Goal of the exercise
Output only these lines, set down exactly: the one containing "2023年度职称评审高评会结果公示" and each line after it through the end of the records.

Input data

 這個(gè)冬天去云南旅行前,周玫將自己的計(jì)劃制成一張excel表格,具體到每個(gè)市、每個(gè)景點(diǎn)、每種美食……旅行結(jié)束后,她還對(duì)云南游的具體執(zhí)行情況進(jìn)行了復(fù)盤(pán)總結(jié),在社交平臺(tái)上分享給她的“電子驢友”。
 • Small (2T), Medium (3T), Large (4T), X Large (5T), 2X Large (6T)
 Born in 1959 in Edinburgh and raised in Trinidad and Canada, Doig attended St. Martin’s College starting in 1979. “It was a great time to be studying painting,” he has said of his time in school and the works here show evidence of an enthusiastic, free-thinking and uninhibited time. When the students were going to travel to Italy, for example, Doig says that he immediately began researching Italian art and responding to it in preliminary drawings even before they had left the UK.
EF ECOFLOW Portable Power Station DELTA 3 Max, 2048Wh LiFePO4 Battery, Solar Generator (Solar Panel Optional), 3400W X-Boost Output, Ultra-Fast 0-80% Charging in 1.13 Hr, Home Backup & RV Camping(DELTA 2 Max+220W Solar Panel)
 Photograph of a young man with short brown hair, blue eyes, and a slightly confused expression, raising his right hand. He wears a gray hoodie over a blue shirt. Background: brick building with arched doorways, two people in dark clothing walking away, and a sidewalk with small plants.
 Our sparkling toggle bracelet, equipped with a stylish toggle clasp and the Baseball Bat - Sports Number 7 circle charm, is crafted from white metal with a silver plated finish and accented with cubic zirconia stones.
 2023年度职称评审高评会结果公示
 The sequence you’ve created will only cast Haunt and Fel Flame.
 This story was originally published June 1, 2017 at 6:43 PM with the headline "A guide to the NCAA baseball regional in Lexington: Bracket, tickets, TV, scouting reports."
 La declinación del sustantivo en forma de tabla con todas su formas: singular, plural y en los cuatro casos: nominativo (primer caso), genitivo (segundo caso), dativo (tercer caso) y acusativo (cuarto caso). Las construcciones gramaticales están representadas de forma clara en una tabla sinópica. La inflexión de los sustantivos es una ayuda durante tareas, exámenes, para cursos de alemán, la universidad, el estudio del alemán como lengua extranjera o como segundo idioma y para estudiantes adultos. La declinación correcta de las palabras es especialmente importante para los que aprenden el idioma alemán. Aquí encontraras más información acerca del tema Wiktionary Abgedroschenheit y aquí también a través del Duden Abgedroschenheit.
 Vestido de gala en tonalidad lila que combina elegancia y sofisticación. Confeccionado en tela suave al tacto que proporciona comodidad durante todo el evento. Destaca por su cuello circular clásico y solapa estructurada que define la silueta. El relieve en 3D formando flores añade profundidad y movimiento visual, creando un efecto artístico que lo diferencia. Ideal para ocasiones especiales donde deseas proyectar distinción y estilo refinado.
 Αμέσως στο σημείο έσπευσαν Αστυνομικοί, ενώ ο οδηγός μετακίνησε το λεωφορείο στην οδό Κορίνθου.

Solution for this problem
 2023年度职称评审高评会结果公示
 The sequence you’ve created will only cast Haunt and Fel Flame.
 This story was originally published June 1, 2017 at 6:43 PM with the headline "A guide to the NCAA baseball regional in Lexington: Bracket, tickets, TV, scouting reports."
 La declinación del sustantivo en forma de tabla con todas su formas: singular, plural y en los cuatro casos: nominativo (primer caso), genitivo (segundo caso), dativo (tercer caso) y acusativo (cuarto caso). Las construcciones gramaticales están representadas de forma clara en una tabla sinópica. La inflexión de los sustantivos es una ayuda durante tareas, exámenes, para cursos de alemán, la universidad, el estudio del alemán como lengua extranjera o como segundo idioma y para estudiantes adultos. La declinación correcta de las palabras es especialmente importante para los que aprenden el idioma alemán. Aquí encontraras más información acerca del tema Wiktionary Abgedroschenheit y aquí también a través del Duden Abgedroschenheit.
 Vestido de gala en tonalidad lila que combina elegancia y sofisticación. Confeccionado en tela suave al tacto que proporciona comodidad durante todo el evento. Destaca por su cuello circular clásico y solapa estructurada que define la silueta. El relieve en 3D formando flores añade profundidad y movimiento visual, creando un efecto artístico que lo diferencia. Ideal para ocasiones especiales donde deseas proyectar distinción y estilo refinado.
 Αμέσως στο σημείο έσπευσαν Αστυνομικοί, ενώ ο οδηγός μετακίνησε το λεωφορείο στην οδό Κορίνθου.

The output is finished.